En conclusion, il existe une discordance entre la symptomatologie évoquée et les données objectives, cliniques et para-cliniques qui nous font dire que pour nous le taux est inférieur à 50 %.”
Ainsi, le médecin désigné par le tribunal, après avoir pris connaissance du dossier médical de l’intéressé et avoir procédé à son examen, considère que M. [O] [Q] [M] [K] présente un taux d’incapacité inférieur à 50%.
Si le praticien a rapporté les pathologies du requérant et les douleurs exprimées par ce dernier, il a conclu à une discordance entre la symptomatologie évoquée et les données objectives, cliniques et para-cliniques, et souligné que M. [O] [Q] [M] [K] présente des troubles ne venant pas entraver son autonomie de façon à ce que son taux d’incapacité soit évalué à un taux supérieur à 50%.
De plus, les éléments versés aux débats par l’intéressé ne sont pas de nature à contredire efficacement l’avis médico-légal du docteur [J].

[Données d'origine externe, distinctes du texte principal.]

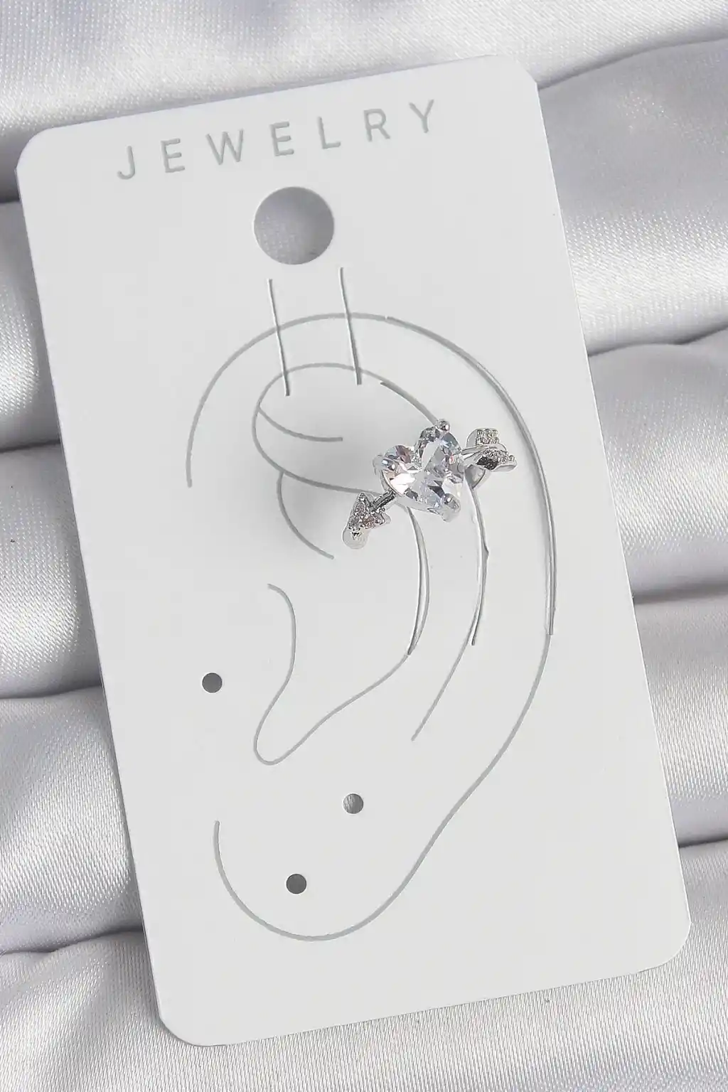Pirinç Gümüş Renk Zirkon Taşlı Yıldız Model Kadın Kıkırdak Küpe

Dès lors, l’AAH ne pouvant pas être accordée lorsque le taux d’incapacité est inférieur à 50%, il n’y a pas lieu d’examiner si les conditions d’une RSDAE sont remplies.

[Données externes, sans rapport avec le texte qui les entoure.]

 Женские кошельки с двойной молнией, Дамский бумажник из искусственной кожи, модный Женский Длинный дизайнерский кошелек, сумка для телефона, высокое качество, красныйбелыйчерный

Par conséquent, il convient de constater que M. [O] [Q] [M] [K] ne remplit pas les conditions d’attribution de l’AAH.
Il y a donc lieu de confirmer la décision rendue le 23 janvier 2025 par la CDAPH, en ce qu’elle a refusé à M. [O] [Q] [M] [K] le bénéfice de l’AAH, et de rejeter le recours de ce dernier.
Sur les demandes accessoires
Il convient de rappeler que, par application des dispositions de l’article L.142-11 du code de la sécurité sociale, les frais résultant des consultations et expertises ordonnées par les juridictions compétentes dans le cadre des contentieux mentionnés aux 1°et 4°, 5°, 6°, 8° et 9° de l’article L. 142-1 du code de la sécurité sociale sont pris en charge par l’organisme mentionné à l’article L. 221-1 du même code, soit la caisse nationale d’assurance maladie.

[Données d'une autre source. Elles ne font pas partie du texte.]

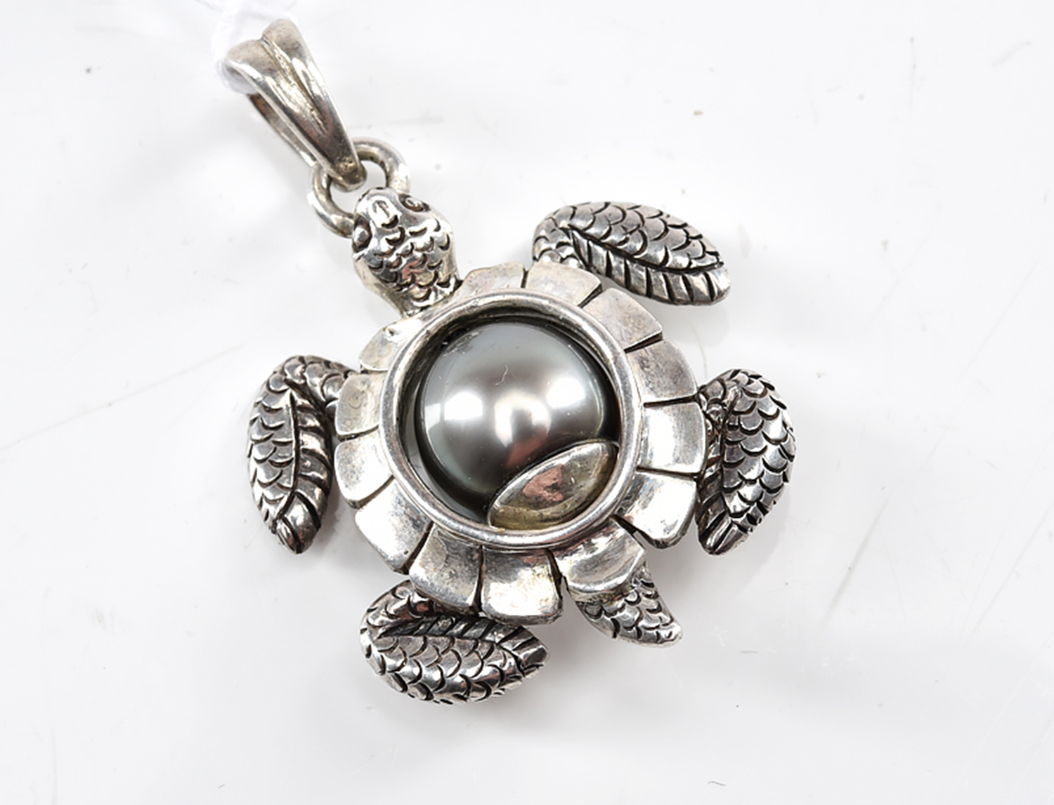 A TAHITIAN PEARL PENDANT FEATURING A TURTLE IN STERLING SILVER, TOTAL LENGTH 35MM

M. [O] [Q] [M] [K], succombant en ses prétentions, sera condamné au surplus des dépens, lesquels seront recouvrés comme il est prescrit en matière d’aide juridictionnelle.
PAR CES MOTIFS :
Le tribunal statuant publiquement, par jugement contradictoire rendu en premier ressort, prononcé par mise à disposition au secrétariat greffe,
— Déclare recevable le recours de M. [O] [Q] [M] [K],
— Déboute M. [O] [Q] [M] [K] de sa demande tendant à obtenir le bénéfice de l’allocation aux adultes handicapés,
— Confirme la décision du 23 janvier 2025, notifiée le 28 janvier 2025, de la CDAPH en ce qu’elle lui a refusé l’Allocation aux Adultes Handicapés,
— Dit que les frais de consultation médicale seront pris en charge conformément aux dispositions de l’article L.142-11 du code de la sécurité sociale,
— Condamne M. [O] [Q] [M] [K] au surplus des dépens, lesquels seront recouvrés comme il est prescrit en matière d’aide juridictionnelle,
— Dit que chacune des parties ou tout mandataire peut interjeter appel de cette décision dans le délai d’un mois à peine de forclusion, à compter de la notification, par une déclaration faite ou adressée par pli recommandé au greffe de la Cour d’Appel de Dijon – [Adresse 4] ; la déclaration doit être datée et signée et doit comporter les mentions prescrites, à peine de nullité, par l’article 58 du Code de Procédure Civile à savoir :
1°) Pour les personnes physiques : l’indication des nom, prénoms, profession, domicile, nationalité, date et lieu de naissance du demandeur,
Pour les personnes morales : l’indication de leur forme, leur dénomination, leur siège social et de l’organe qui les représente légalement,
2°) L’indication des noms et domicile de la personne contre laquelle la demande est formée, ou, s’il s’agit d’une personne morale, de sa dénomination et de son siège social,
3°) L’objet de la demande
Elle doit désigner le jugement dont il est fait appel et mentionner, le cas échéant, le nom et l’adresse du représentant de l’appelant devant la Cour. La copie du jugement devra obligatoirement être annexée à la déclaration d’appel.